When school was cancelled, you didn’t know about it until you woke up that morning, watched the local television station and prayed to see your school district’s name come across the bottom of the screen listing the closed schools in that station’s viewership area.

But now it’s not enough to simply have a snow day. Parents demand to know about the coming snow day with as much notice as possible.

And I get it. Because I’ve got five kids in school myself and three more in daycare. If school is going to be closed on Tuesday morning, there’s a certain level of tranquility that comes with going to bed on Monday night knowing we don’t have to get our kids ready before the sun comes up.

But I’m on the back end of those people that were in school if the roads were passable during times of icy weather. And in the 1980s and 1990s in northwest Alabama, the only time I remember school getting called for stormy weather was when in 1995 when Hurricane Opal was coming up from the Gulf of Mexico and moving over nearly the entire state of Alabama.

The Governor announced the day before that every county the hurricane would go over was cancelling classes the next day. It went over 65 of the 67 counties in Alabama. Unfortunately for 14-year-old Brandon, I was in one of the two other counties, so we still had school that day. So I never got out for stormy weather.
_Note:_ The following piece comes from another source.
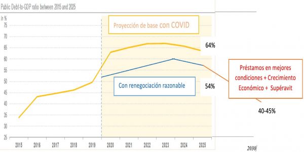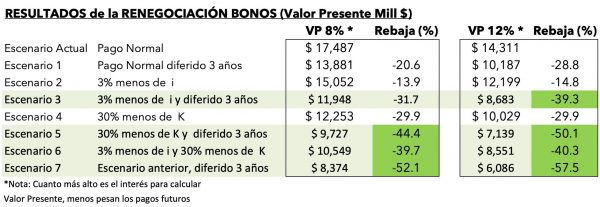 ¿Cuál de estas opciones estarán esperando los tenedores de bonos? Lo que algunos señalan es que una combinación quizás aceptable sea: rebaja del capital de alrededor del 15%, rebaja de los intereses hacia el 2% durante unos años para luego subir al 6%, y que se difieran los pagos de capital (pero no de intereses) hasta el 2024 o 2025.
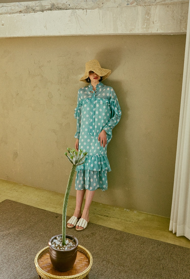 Channel vintage-inspired elegance with this polka dot chiffon midi dress from Laura Ren, crafted from airy, lightweight chiffon that drapes beautifully and moves with grace. Featuring a playful polka dot pattern, this dress is designed with a delicate bow tie neckline, long puff sleeves with gathered cuffs, and romantic ruffle trim across the bodice and sleeves. The flowing midi length adds timeless charm, perfect for brunches, garden parties, or vacation escapes. Laura Ren’s commitment to exquisite craftsmanship ensures both comfort and standout style, making this chiffon dress a dreamy addition to your wardrobe.

We had the plan of going out in the hallway, taking a book with us, opening it and putting it over hour heads between our knees … because that sounds like a great position to be stuck in if the building were to collapse on top of me.

It’s a tough call. And Marlon King and his group get paid a lot of taxpayer dollars to make calls like that on a daily basis.

This time they were right. My van nearly blew over while driving down Highway 45 on Friday. I’d hate to have been driving a bus full of students at that point.

Power was out all over the city and county. I’d hate to have been a student in the dark with a bunch of classmates for a few hours waiting on someone to pick me up wishing JMCSS had told me just to stay home.

And I’d really hated having been in one of those buses – or even picked up by my parents – and being stuck in traffic that backed up because a lot of stoplights at crucial intersections weren’t working because they were out of power.

By the way, when you’re at a four-way stop that has a stoplight that isn’t working, then you treat it like you would a four-way stop with stop signs. Many drivers in Jackson need a refresher on that before the next big power outage, but that’s a totally different column.

So whether you think JMCSS should’ve had classes or not, you can prove you’re right either way.

But so can the other side of this issue.

One of my favorite quotes from a television show comes from The West Wing when President Jed Bartlett was talking about how a lot of issues aren’t as clear as some think they are: “Every once in a while, there’s a day with an absolute right and an absolute wrong, but those days almost always include body counts.”

Fortunately, we didn’t get to that point last week.